If you follow the preliminary leaderboard of the Higgs ATLAS Kaggle contest where 1,288 teams from various places of planet Earth are competing, you may have noticed that I have invited Christian Veelken of CERN to join my team. He kindly agreed. I believe he is one of the best programmers who reconstructs the Higgs properties from the tau-tau decays in the CMS team, the other big collaboration at CERN aside from ATLAS whose folks organize the competition.
The current decision is that so far the viable scores were obtained predominantly by me so I own 90% of the team which is enough not to ask the minority shareholders whether they like the name of the team. ;-) Of course that it may change in the future. My belief is that the relative importance of members of such a team has to be based on the preliminary scores and their contributions to the high ones. It's not a perfect way to rate things but it's better than all others, for reasons I could explain. This question is analogous to the question whether managers' incomes in companies should depend on the profits, revenues, and the stock price. Even though there are risks and things can go wrong, I would answer Yes because this arrangement rooted in imperfect yet measurable data at least guarantees some correlation between the salary and the future of the company and some motivation for the manager to fundamentally improve things.
For the first time in the human history, Christian has applied the CMS' methods to evaluate these tau-tau decays (SVFIT) to the ATLAS data, the data of his intra-CERN competitors. It works. So far, it doesn't produce detectable improvements in the AMS score by itself (or in combination with the ATLAS methods): SVFIT, although more sophisticated, behaves almost identically to ATLAS' MMC. Christian has some really professional ideas what to do and I also believe that if they fail to produce high scores, he will help me to professionalize the codes that I used to get where I/we seem to be because, as you can imagine, the codes have become messy.
Meanwhile, however, I kept on improving the score. Our best one currently stands at 3.83674, just 0.014 below the current leader Gábos Melis. That's exactly equal to my last improvement and I got two of them in the last 24 hours so feel free to estimate how much time it should take to take over. ;-)
There have been moments when my mood was one of resignation. It seemed impossible to reach the heights of the leaders and the progress was so slow (my jumping up by 1 place ahead of the marijuana guy is the only change in the top 16 during the last week). One simply couldn't have thought about beating Melis, Salimans, or even the marijuana guy – bright kids and men with years of experience in manipulating similar data and doing machine learning.
Without much kidding, my life's only experience with manipulating "big data" was the conversion of 80,000 Echo comments on this blog to the DISQUS platform when Echo came out of business three years ago or so.

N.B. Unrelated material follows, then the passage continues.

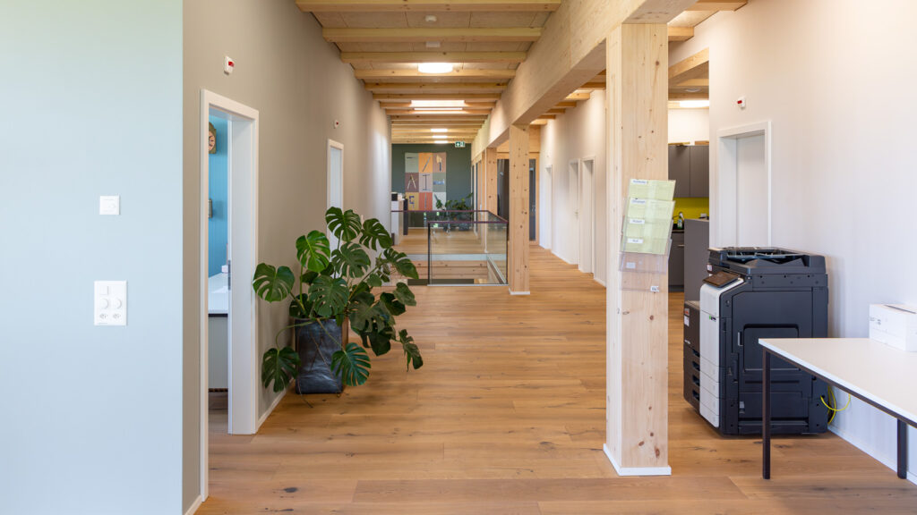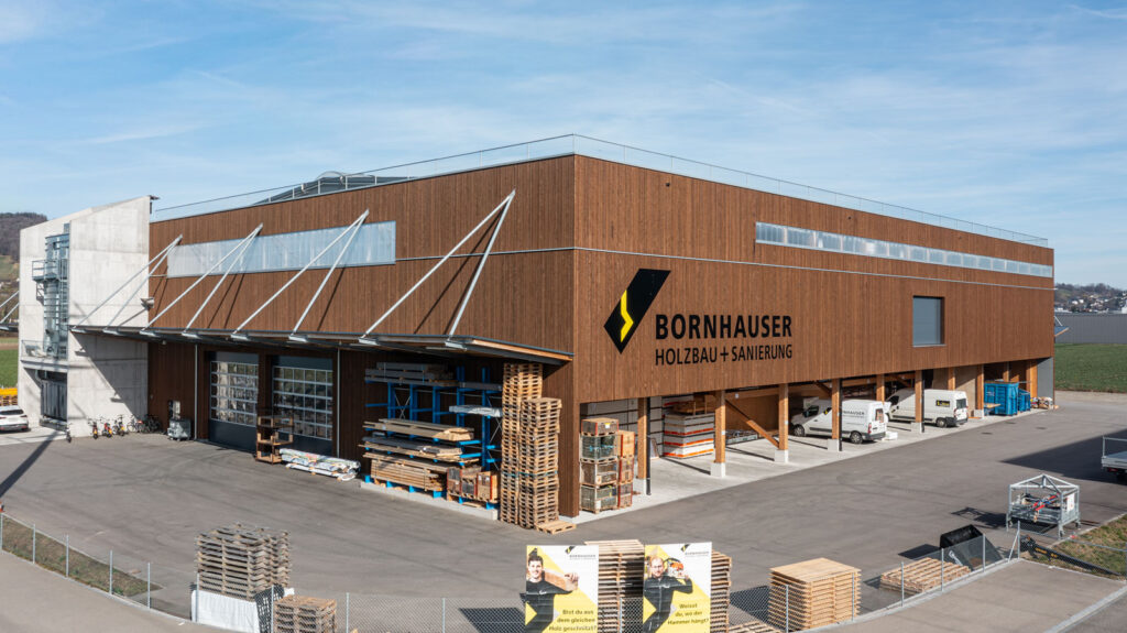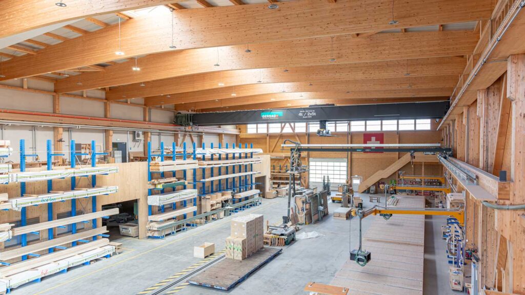 «WERK b» heisst das Gebäude des traditionsreichen Holzbauunternehmens am neuen Standort im Westen von Weinfelden. Beeindruckend sind die Dimensionen: 33-Meter-Binder überspannen die 58 Meter lange Produktionshalle mit einer Innenfläche von 1250 m2. Dazu kommt ein 470 m2 grosser Anbau mit Lager und Einstellhalle für Fahrzeuge. Der Bürotrakt mit dem Parterre in Massivbauweise und zwei Etagen aus Holz kann bei Bedarf um ein Geschoss aufgestockt werden.

But the mood is very different now. It seems that I can add 0.01 to the score more easily than to prepare coffee. It's almost as easy as writing +1-1 at the end of a command y=f(x). ;-) Well, not quite but it is almost mechanically straightforward and it has repeatedly (but not quite always) worked.
One of the proprietary ideas that I've been fond of from the beginning and that I turned into a more viable one by having refined certain functions became even more effective when I realized what are probably the other conditions of the evaluation that are needed for the proprietary idea to become truly efficient, to show its muscles.
Because this explanation seems to be justified by some abstract theoretical thinking as well as the real-world empirical data, I will probably automatize the system and try to prepare a submission without self-evident fine-tuning that could produce a very high score immediately.
Now it even seems plausible to me that even the final scores – which will be computed from 2 submissions per team compared against 450k test events not included in the 100k test events that are the basis of the preliminary leaderboard – could exceed 3.8 so that I will lose a $100 bet. But it's too early to tell. The bet is as open as it can get. Note that the "best score per team" is almost certainly an overestimate of the final score because the preliminary AMS scores contain some noise with the standard deviation of 0.08. So with 300+ submissions, like mine, the best preliminary score could actually be up to a 3-sigma i.e. 0.24 overestimate of the genuine score. There are some reasons to think that the overestimates aren't this brutal but I don't want to go into technicalities that are partly speculative, anyway.